Deciding between different versions of a model naturally requires monitoring.
With mainstream web apps it is common to monitor requests to pick up on any HTTP error codes or an increase in latency. With machine learning the monitoring can need to go much deeper into domain-specific metrics. For example, for a model making recommendations on a website it can be important to track metrics such as how often a customer makes a purchase vs chooses not to make a purchase or goes to another page vs leaves the site.
It can also be important to monitor the data points in the requests to see whether they are approximately in line with the data that the model was trained on. If a particular data point is radically different from any in the training set then the quality of prediction for that data point could be poor. It is termed an ‘outlier’ and in cases where poor predictions carry high risk then it can be valuable to monitor for outliers. If a large number of data points differ radically from the training data then the model risks giving poor predictions across the board – this is termed ‘concept drift’. Monitoring for these is fairly advanced as the boundaries for outliers likely need to be set algorithmically by a data scientist.
For metrics that can be monitored in real-time it may be sufficient to expose dashboards with a tool such as grafana. However, sometimes the information that reveals whether a prediction was good or not is only available much later. For example, there may be a customer account opening process that flags a customer as risky. This could lead to a human investigation and only later will it be decided whether the customer was risky or not. For this reason it can be important to log the entire request and the prediction and also store the final decision. Then offline analysis run over a longer period can provide a wider view of how well the model is performing.

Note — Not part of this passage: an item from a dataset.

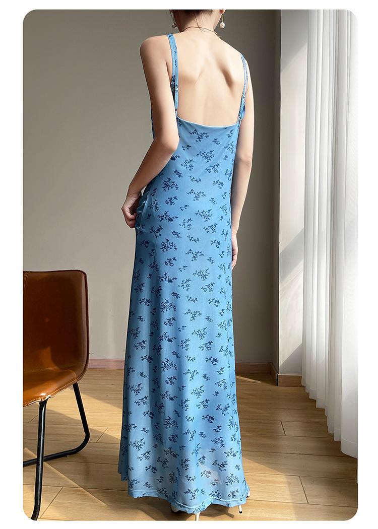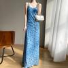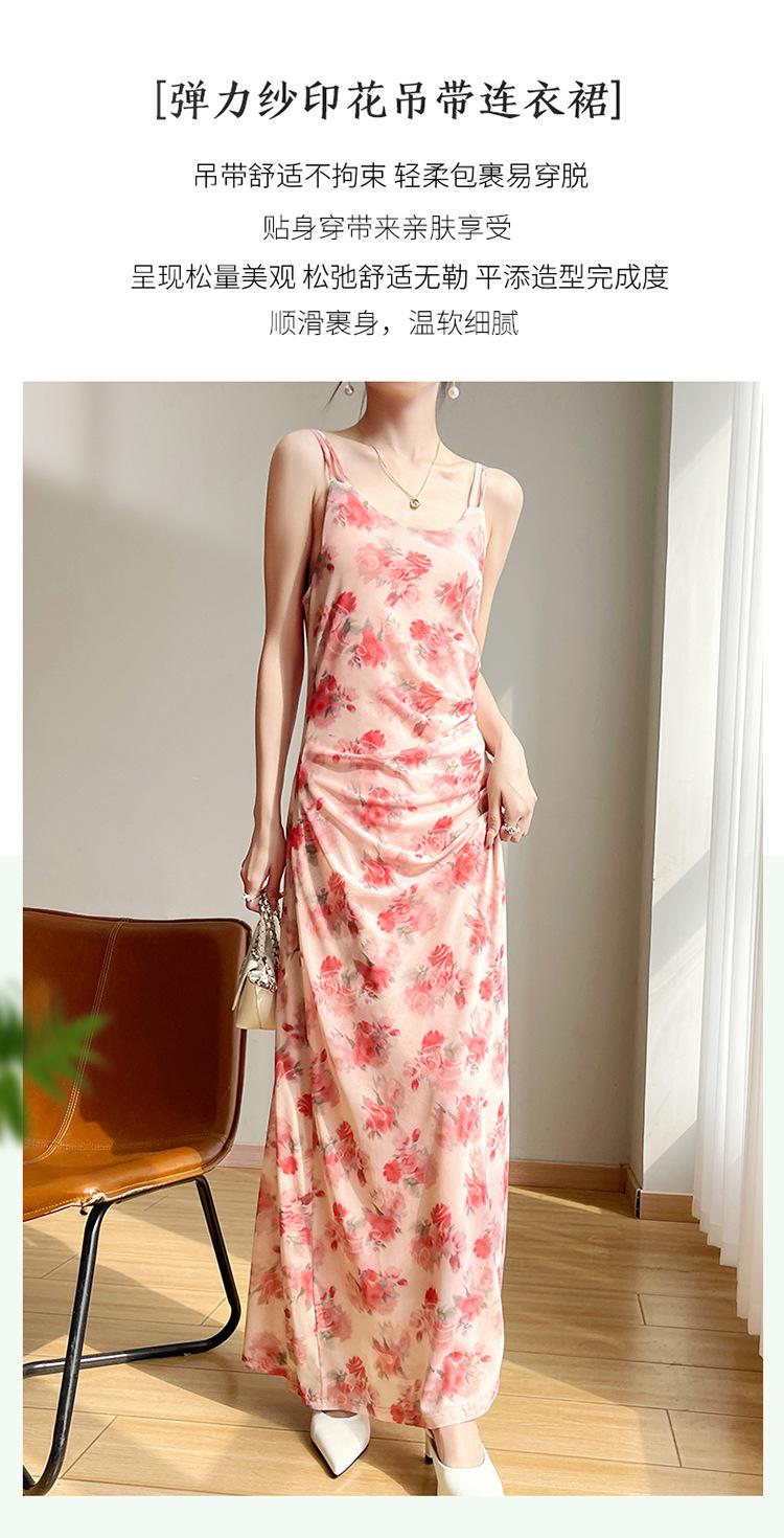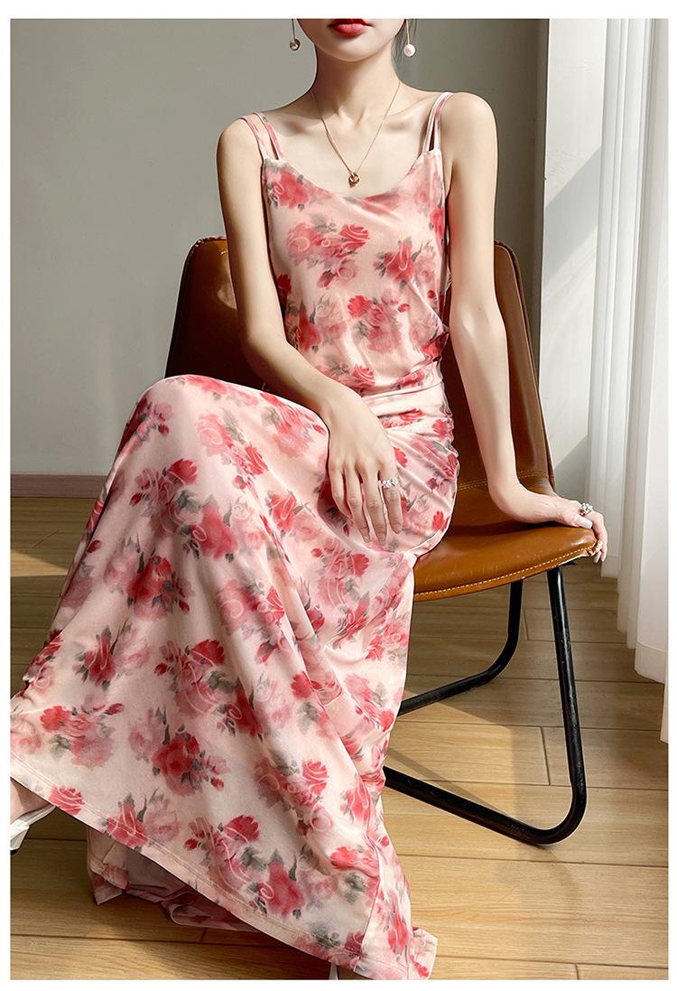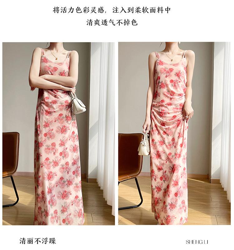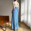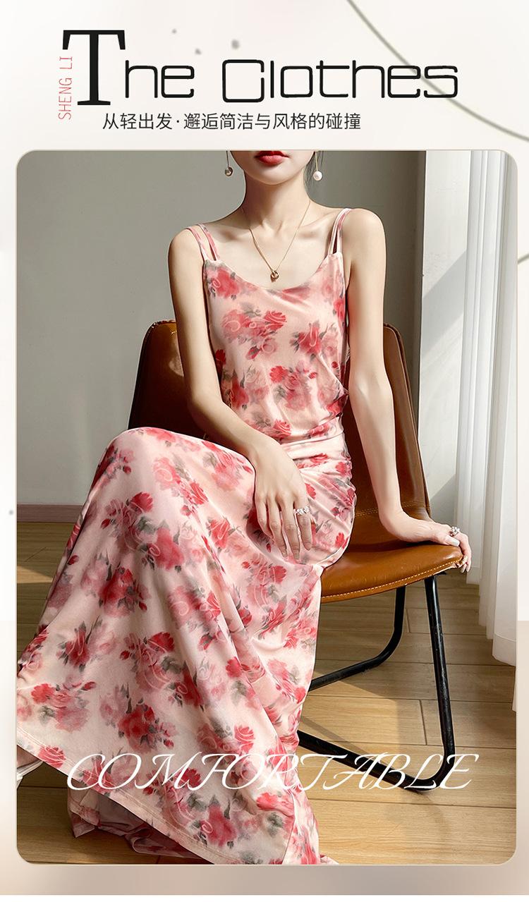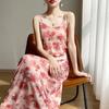 Primavera y Verano 2025 Nuevo Estilo Francés Floral Cuello U Doble Tirante Vestido Sling Sexy Sin Espalda Floral Vestido Largo para Mujer

If something goes wrong with running software at a given point in time then we need to be able to recreate the circumstances of the failure. With mainstream applications this typically means tracking which code version was running in the form of an executable (docker image), which code commit it tracks back to and some information about the data state of the system at the time. That enables a developer to recreate that execution path in the source code. Taken to its fullest, the equivalent for machine learning would be much more extensive. It would involve knowing exactly what data was sent in (full request logging), which version of the model was running (not necessarily a docker image, a python pickle likely but could be various formats), what source code was used to build it, what parameters were set on the training run and what data was used for training. The data part can be particularly challenging as this means retaining the data from every training run that goes to live and in a form that can be used to recreate models, so any transformations on the data would need to be tracked and reproducible.
There are also wider governance challenges for ML concerning bias and ethics. Without care models might end up being trained using data-points that a human would consider unethical to use in decision-making. For instance, a loan approval system might be trained on historic loan repayment data. Without a conscious decision about which data points are to be used, it might end up making decisions based on Race or Gender.